Objective: A comparison of a parent-completed Willett food-frequency questionnaire (FFQ) and a self-completed Youth/Adolescent Questionnaire (YAQ) has not yet been conducted.
Setting: In the Diabetes Autoimmunity Study in the Young (DAISY), parents report their child's diet on the FFQ annually from birth until age 10 years, when the child begins to report their own diet using the YAQ.
Subjects: To determine the comparability of these collection methods, 89 children aged 10-17 years and their parents completed the YAQ and FFQ, respectively, for the child's previous year's diet.

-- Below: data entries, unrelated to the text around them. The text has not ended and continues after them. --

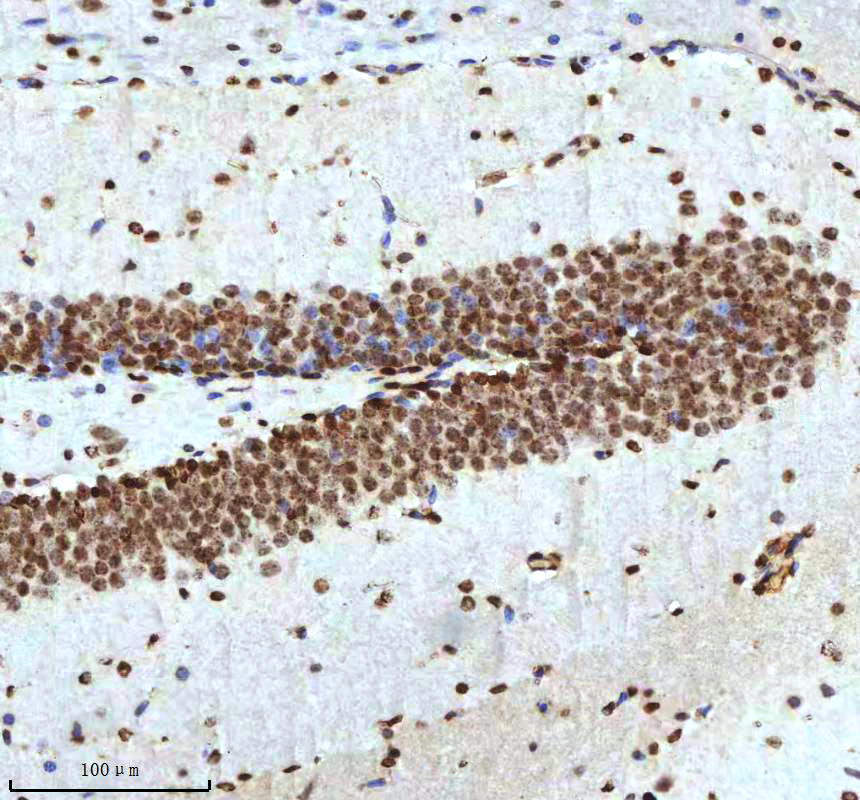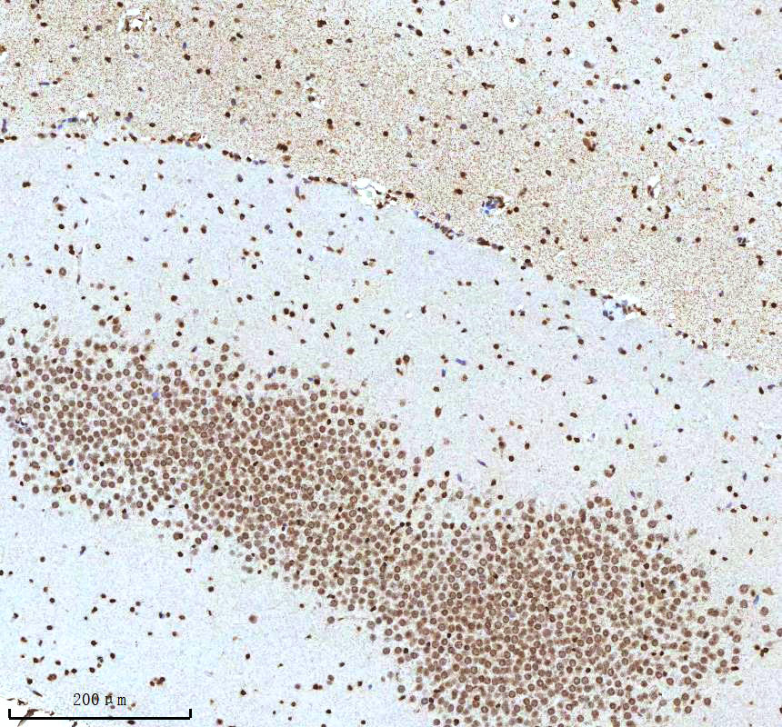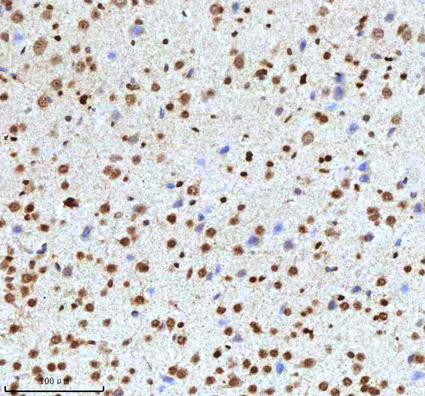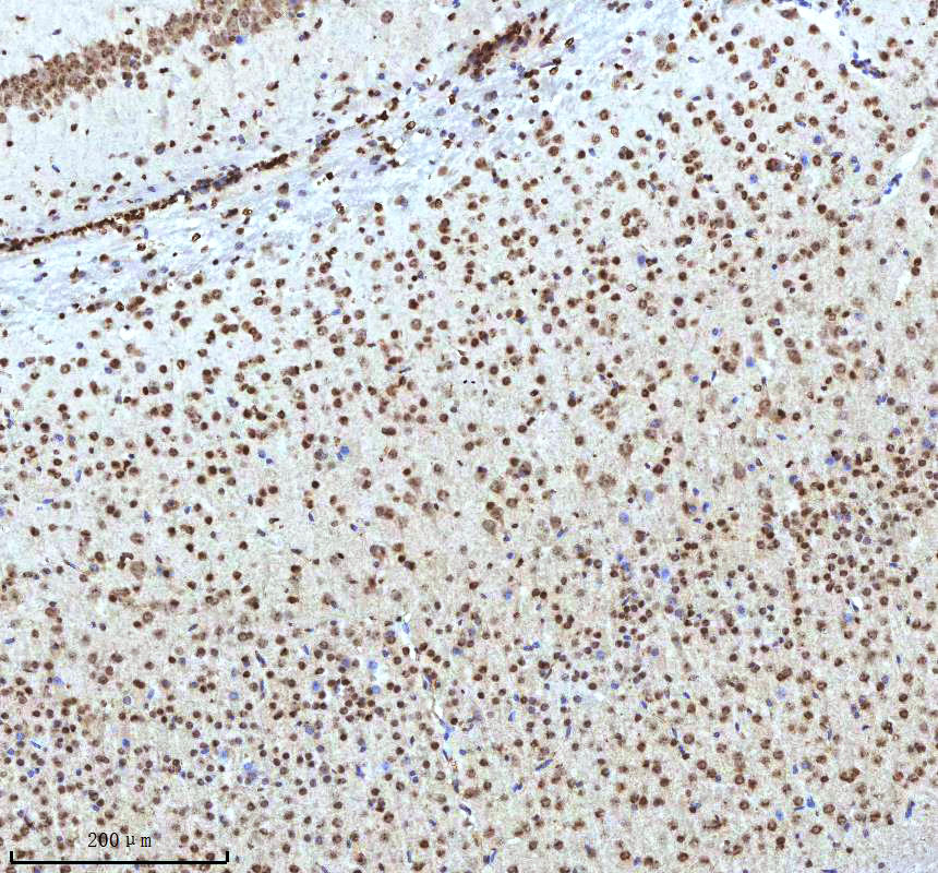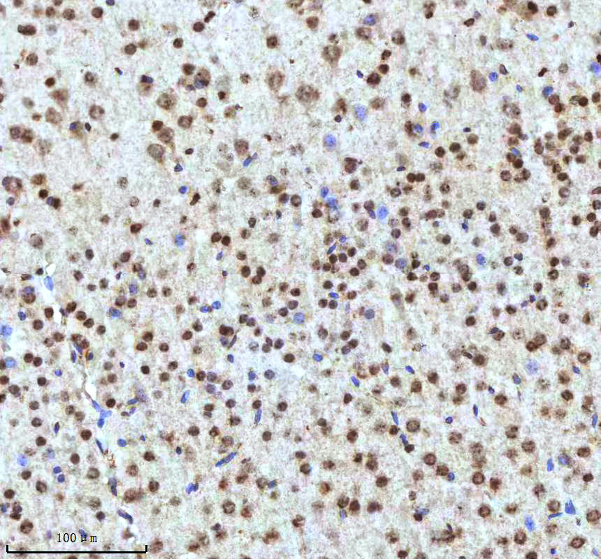Histone H3 was detected in a paraffin-embedded section of mouse brain tissue. The tissue section was incubated with rabbit anti-Histone H3 Antibody (A12477-2) at a dilution of 1:200 and developed using HRP Conjugated Rabbit IgG Super Vision Assay Kit (Catalog # SV0002) with DAB (Catalog # AR1027) as the chromogen.
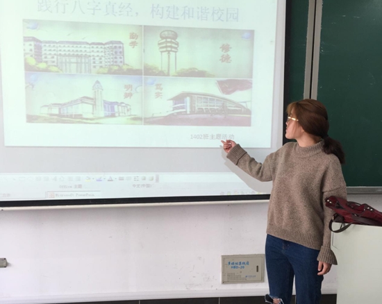 2016年4月15日上午,体院1402班的全体同学在教B—204展开了“践行八字真经,共建文明和谐校园”主题团日活动。
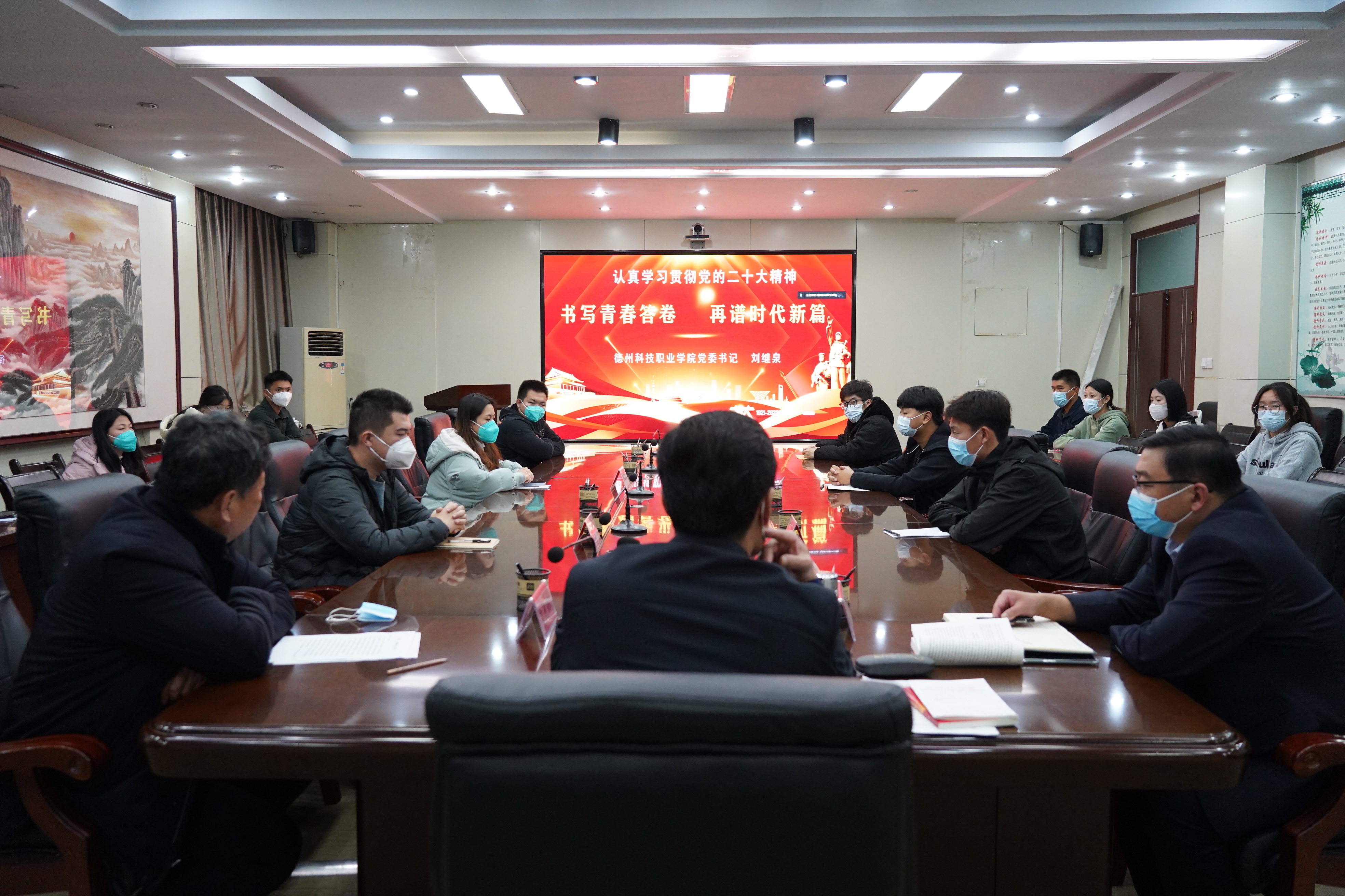 为深入学习宣传贯彻党的二十大精神,11月16日下午,德州市市属学校党的二十大精神宣讲团成员、学院党委书记刘继泉采取线上线下相结合的方式,为师生作党的二十大精神宣讲报告。学院党委副书记、副院长朱纪辉主持宣讲报告会。
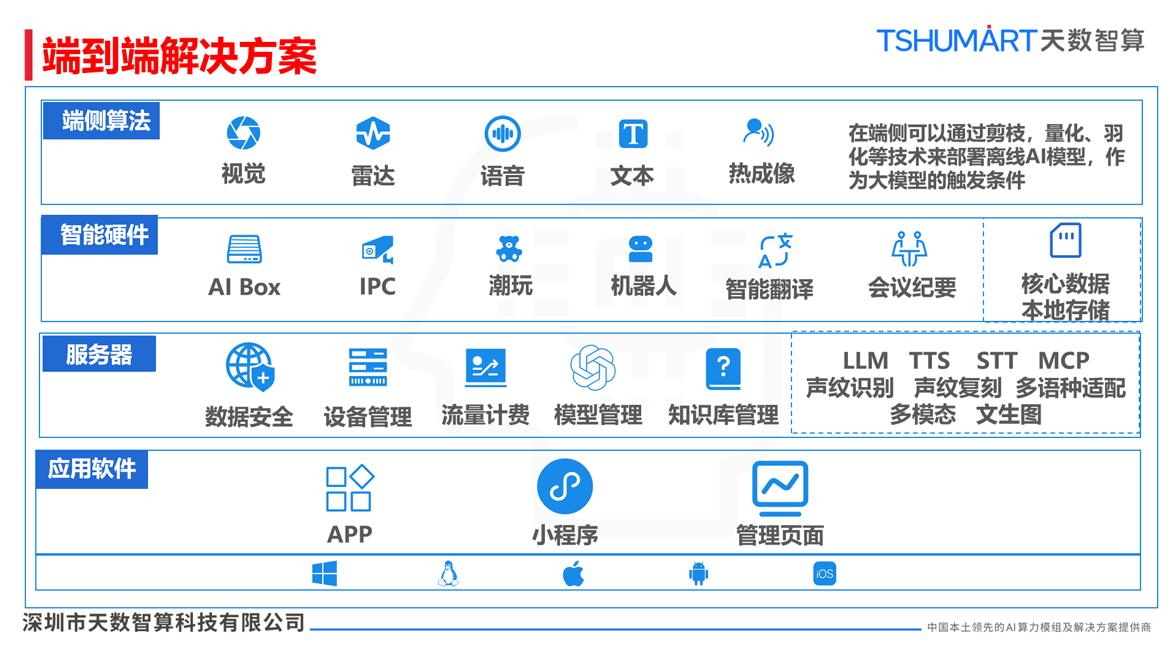当AI技术从单一功能走向全域融合,从云端算力走向端边云协同,一个万物智能互联的新时代正加速到来。作为中国本土领先的AI算力模组及解决方案提供商,天数智算深耕AI技术研发与场景落地,重磅推出AI智能体端到端解决方案,融合端侧多元算法、智能硬件载体、云端服务器能力与全场景应用软件,打通 “算法 - 硬件 - 服务器 - 应用” 全链路,以低门槛、高适配、强智能的核心优势,让AI触手可得,赋能千行百业智能化升级。
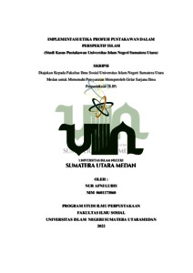 Lubis, Nur Afni (2022) IMPLEMENTASI ETIKA PROFESI PUSTAKAWAN DALAM PERSPEKTIF ISLAM. Skripsi thesis, Universitas Islam Negeri Sumatera Utara.

Design: We compared reported intakes for energy, the macronutrients and a variety of micronutrients of interest to the DAISY study.
Results: Bland-Altman plots of energy-adjusted differences between questionnaire responses against their means suggested that the two collection methods gave similar results. The average Spearman correlation coefficient of all energy-adjusted nutrient intakes was 0.50, and did not differ significantly by gender (males, r=0.48; females, r=0.46) or age (10-11 years, r=0.49; 12-17 years, r=0.51). While correlated, the nutrient values from the FFQ were higher than the nutrient values from the YAQ.
Conclusions: While reported nutrient intakes are correlated, an indicator variable defining which survey method a nutrient was collected with should be included in any longitudinal data analyses examining nutrient intakes collected with the YAQ and the FFQ as independent predictors of a disease outcome.